Let's look at how it implies on server side JavaScript. Below is a fun little app coded by a beginner that tries to be funny although in real apps this could lead to unbelievably serious vulnerabilities.


So what went wrong here? The developer loves using with for it's shot handedness and thought she called the property names of the welcome object correctly. Also it didn't show any errors. But what her first user on the web saw was this (not that this)
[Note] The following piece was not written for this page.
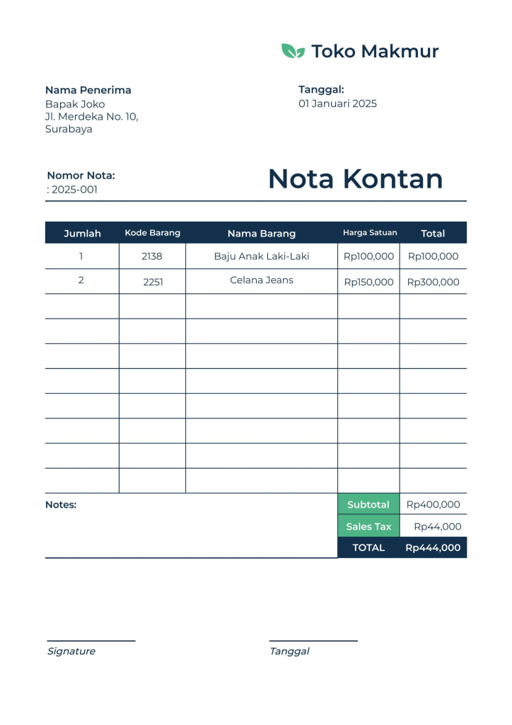 Nota kontan digunakan saat transaksi dilakukan secara tunai, biasanya untuk pembelian langsung tanpa sistem kredit.

So, she did a typo and ended up unintentionally modifying global variables she wasn't even aware of. Let's just imagine they existed in some other code base where she couldn't even see. This just reminds me how difficult will it be for a security guy like me to code review a code with with.

Now how with works is, it tries to find the property assignments in the context of the called object, if found, great, else it tracks back on the higher scope till reaching the global scope and assigning (actually clobbering) value of some other global variable if there is a match. Think common names like i, x, a, name... we all grew up coding with (not that with).

In short, do not use with, unless you are very sure of what you are doing. On a positive note, use of with is forbidden in ES5 strict mode.



Posted by at
Labels: , , ,

52 comments:

  1. AnonymousJune 27, 2012 at 1:07 AM

    create an object and contain variables there.
    eg:

    var my_constants = {
    names : "bla bla",
    browsers : "bla bla"
    }

    So, it will become a namespace and its variables are hardly overwritten. It's one of the JS good practices as well.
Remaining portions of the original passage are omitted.